>>>
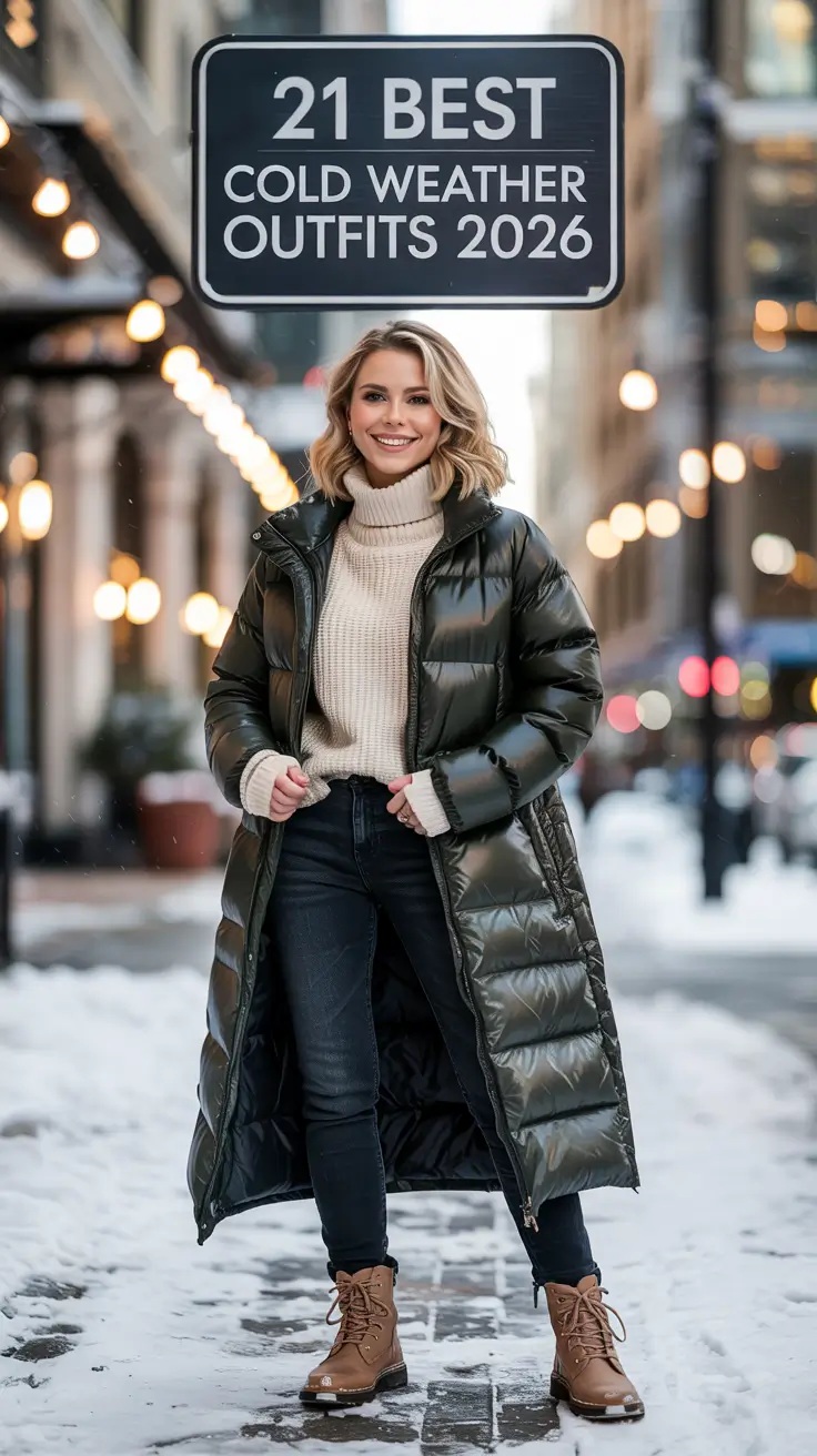 Were I updating this in 2026, I would make it fancy by use of accessories: perhaps a ribbed beanie, sleek earmuffs, or imposing framed sun glasses on sunnier winter days. Any shred of color on gloves or even a scarf would continue to provide a burst of Inspo without interfering with the minimal foundation. The beauty of a black puffer is that it makes the anchor which allows you to explore it nearly all day long throughout the season.
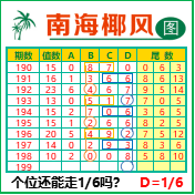 “南海椰风”第3199期推荐版局规律,本期个位16走三步.
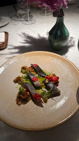 — Entrada: Cavala, Vinagrete de Alcachofra, Pinhão, Azeitona e Tomate Confitado
<<<
Every line above is to be repeated exactly, but no picture is to appear in the copy.

 Were I updating this in 2026, I would make it fancy by use of accessories: perhaps a ribbed beanie, sleek earmuffs, or imposing framed sun glasses on sunnier winter days. Any shred of color on gloves or even a scarf would continue to provide a burst of Inspo without interfering with the minimal foundation. The beauty of a black puffer is that it makes the anchor which allows you to explore it nearly all day long throughout the season.
 “南海椰风”第3199期推荐版局规律,本期个位16走三步.
 — Entrada: Cavala, Vinagrete de Alcachofra, Pinhão, Azeitona e Tomate Confitado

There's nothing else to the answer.